A Wake County Superior Court judge Monday upheld a $50 annual fee charged to attorneys to help pay for a public campaign financing fund, but he also gave them a bit more discretion in how the money can be spent.
Two attorneys, Catherine M. El-Khouri and W. Anthony Purcell, had sued the state over the fees, which are assessed through the North Carolina State Bar, Dan Kane reports.
The campaign fund pays for publicly-financed campaigns for state appellate judicial races and for a voter education guide. The attorneys had contended the fee represented a violation of their constitutional rights to freedom of speech and was an impermissible tax. They sued in October 2007.
Judge Howard E. Manning Jr. found that the fee is legal, but he also granted attorneys the option of designating their $50 fee to the voter guide. That way, he said, they would not be paying into the campaigns of candidates that they don't like.
"Overall, it's a positive decision for continued funding of a program that Judge Manning says serves a compelling state interest," said Bob Hall, executive director of Democracy North Carolina, a nonprofit that supports public campaign financing.
He said the attorney fee generates $1.1 million annually, about half of the total funds for the judicial public financing program. The rest comes from a voluntary $3 check-off on the state income tax form.

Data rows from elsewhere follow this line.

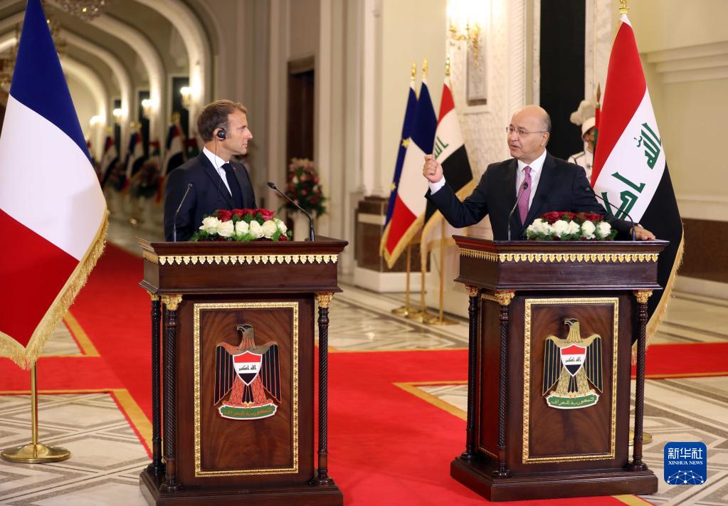 8月28日,在伊拉克首都巴格达,伊拉克总统巴尔哈姆(右)同法国总统马克龙出席新闻发布会。新华社发(哈利勒·达伍德 摄)
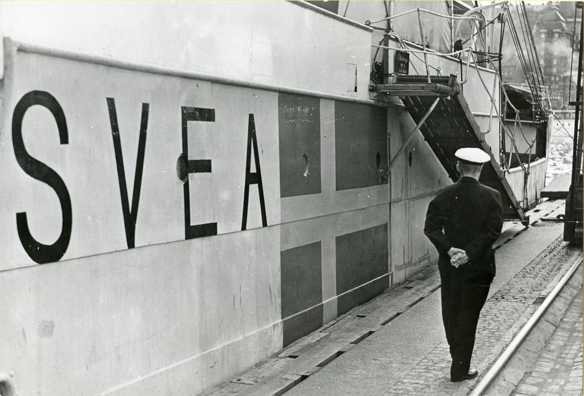 En vid Skeppsbron, Stockholm, liggande svensk ångare har försetts med tydligt skönjbart nationalitetsmärke.
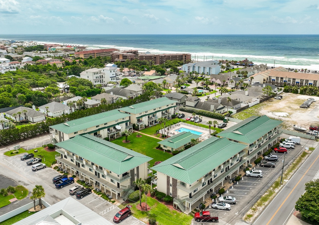 Located just a couple blocks from the Miramar Beach access and Pompano Joe’s, you will find Sandprints. This low-rise complex is designed as a horseshoe with the gated pool in the center and is tucked into a beach neighborhood. It boasts a short walk to the beach, along with several restaurants nearby. Each unit features a full kitchen along with a washer/dryer for your convenience. For the budget conscious guest, it is a home run! The complex is also convenient to the Silver Sands Outlets, Destin Commons, Village of Baytowne Wharf and the Grand Boulevard Town Center. Discover why so many guests return to Sandprints year after year!
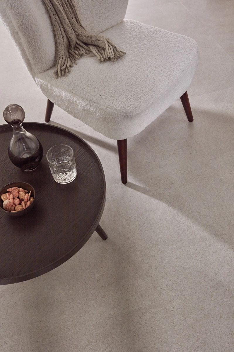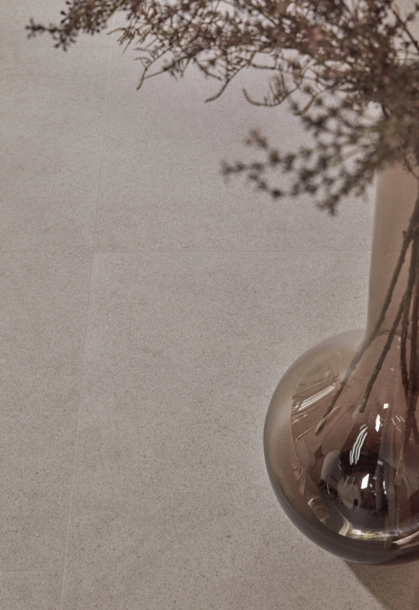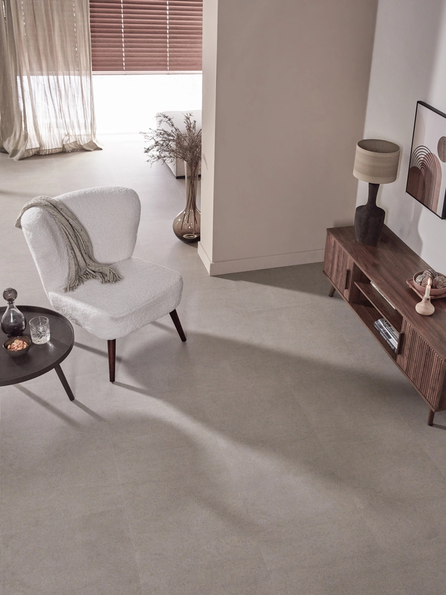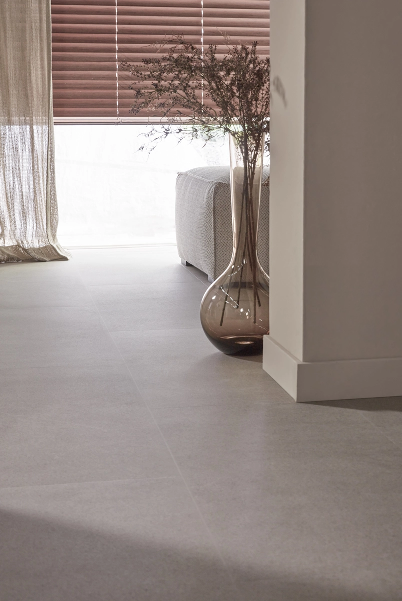 petters, natte schoenen of een omgevallen glas? Geen probleem voor deze greige tegelvloer! Dankzij de 100% waterbestendige afwerking voelt hij zich helemaal thuis in de keuken, hal of badkamer. Met een warmteweerstand van slechts 0,039 m²K/W is deze vloer ook perfect te combineren met vloerverwarming én vloerkoeling. Warm, stijlvol én praktisch dus.

Update: Bob Orr, a former state Supreme Court judge who heads the N.C. Institute for Constitutional Law, also found plenty to like in Manning's decision. The institute had supported the lawyers' suit.
"From our perspective, the constitutional claim the suit was based on was upheld by the court," Orr said. "The remedy may be broader than we advocated for, but the underlying claim was upheld as unconstitutional. The $50 fee cannot go to candidates by fiat of the General Assembly."